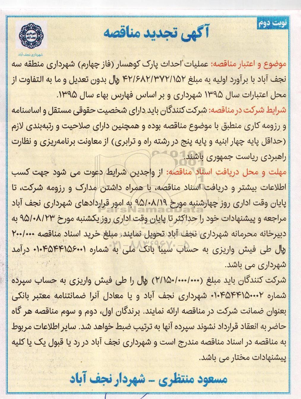 موضوع و اعتبار مناقصه : عملیات احداث پارک کوهسار (فاز چهارم) شهرداری منطقه سه نجف آباد با برآورد اولیه به مبلغ 42.682.372.152 ریال بدون تعدیل و مابه التفاوت از محل اعتبارات سال 95 شهرداری براساس فهارس بهاء سال 95
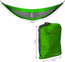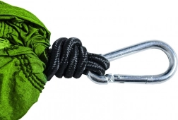 Hængekøjen er udstyret med en praktisk bærepose, der gør den let at transportere - den foldede hængekøje optager minimal plads og passer ind i en lille rygsæk. Når den er foldet ud, kan posen bruges som en lomme til drikkevarer, telefon eller aviser.
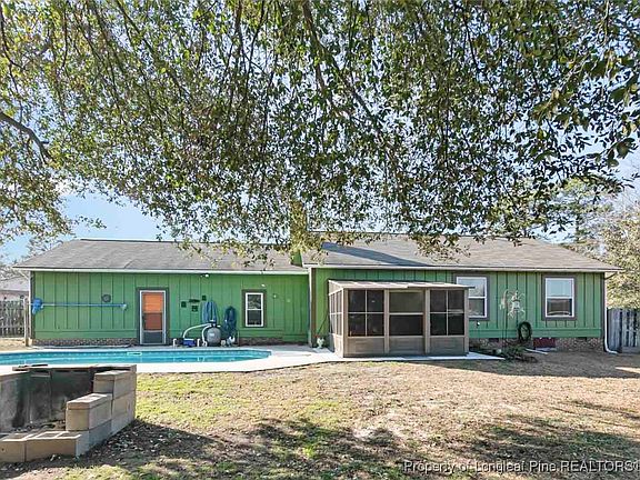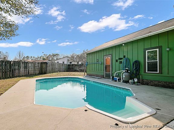 Don't miss this beautiful corner lot home in the highly sought-after Jack Britt School District! This updated, move-in ready home features 3 bedrooms, 2 full bathrooms, and a spacious oversized garage. The inviting living room boasts vaulted ceilings and a wood-burning fireplace, creating a cozy atmosphere. Scoot over to the additional den and a bonus room offering more space for work or play. Enjoy year-round comfort with a new HVAC system. Step outside through your enclosed patio into a private, fenced backyard with an inground pool—perfect for relaxation and entertaining. Inside, you'll also find updated kitchen countertops and cabinetry, real hardwood flooring, as well as updated bathrooms and light fixtures. The home also includes a smart gas stove, updated refrigerator and dishwasher, and, microwave, washer and dryer can stay as gifts to the new owner! Schedule your showing today!
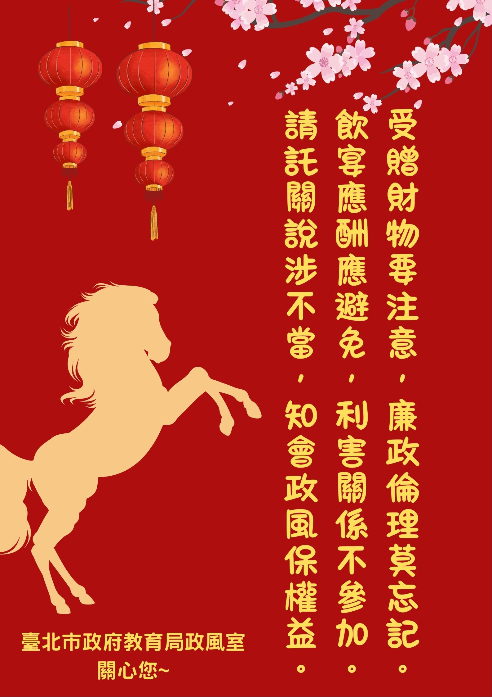 春節將屆,餽贈、邀宴行為較為頻繁,請長官同仁恪遵「臺北市政府公務員廉政倫理規範」規定,對與職務有利害關係者之受贈財物、飲宴應酬、請託關說及其他廉政倫理事件,應依規定確實報備登錄,並避免酒駕、出入不正當場所之違法違紀行為。
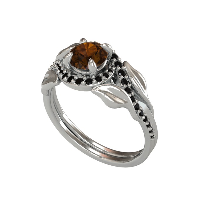 Dumanlı kuvars ve siyah zirkon 14 ayar beyaz altın yüzük
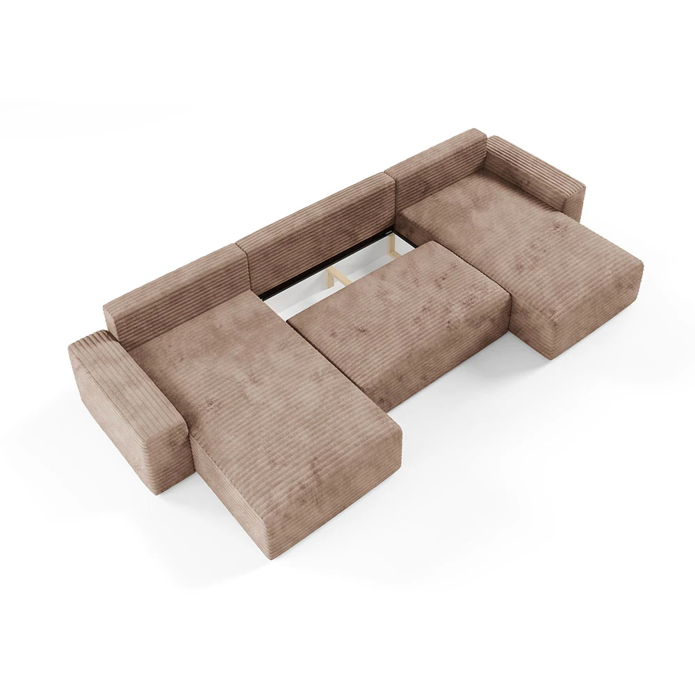 Canapé panoramique convertible avec coffre de rangement en velours côtelé taupe – Confort et Élégance pour votre Salon
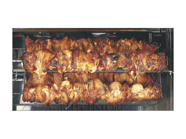 Il girarrosto è dotato di motore elettrico 220V. 12 W con 2 giri al minuto, omologato e certificato;

• EXERCISE DETAILS: A faithful copy of the data is required: each word kept, each picture omitted.

• THE COMPLETED TASK:
 موضوع و اعتبار مناقصه : عملیات احداث پارک کوهسار (فاز چهارم) شهرداری منطقه سه نجف آباد با برآورد اولیه به مبلغ 42.682.372.152 ریال بدون تعدیل و مابه التفاوت از محل اعتبارات سال 95 شهرداری براساس فهارس بهاء سال 95
 Hængekøjen er udstyret med en praktisk bærepose, der gør den let at transportere - den foldede hængekøje optager minimal plads og passer ind i en lille rygsæk. Når den er foldet ud, kan posen bruges som en lomme til drikkevarer, telefon eller aviser.
 Don't miss this beautiful corner lot home in the highly sought-after Jack Britt School District! This updated, move-in ready home features 3 bedrooms, 2 full bathrooms, and a spacious oversized garage. The inviting living room boasts vaulted ceilings and a wood-burning fireplace, creating a cozy atmosphere. Scoot over to the additional den and a bonus room offering more space for work or play. Enjoy year-round comfort with a new HVAC system. Step outside through your enclosed patio into a private, fenced backyard with an inground pool—perfect for relaxation and entertaining. Inside, you'll also find updated kitchen countertops and cabinetry, real hardwood flooring, as well as updated bathrooms and light fixtures. The home also includes a smart gas stove, updated refrigerator and dishwasher, and, microwave, washer and dryer can stay as gifts to the new owner! Schedule your showing today!
 春節將屆,餽贈、邀宴行為較為頻繁,請長官同仁恪遵「臺北市政府公務員廉政倫理規範」規定,對與職務有利害關係者之受贈財物、飲宴應酬、請託關說及其他廉政倫理事件,應依規定確實報備登錄,並避免酒駕、出入不正當場所之違法違紀行為。
 Dumanlı kuvars ve siyah zirkon 14 ayar beyaz altın yüzük
 Canapé panoramique convertible avec coffre de rangement en velours côtelé taupe – Confort et Élégance pour votre Salon
 Il girarrosto è dotato di motore elettrico 220V. 12 W con 2 giri al minuto, omologato e certificato;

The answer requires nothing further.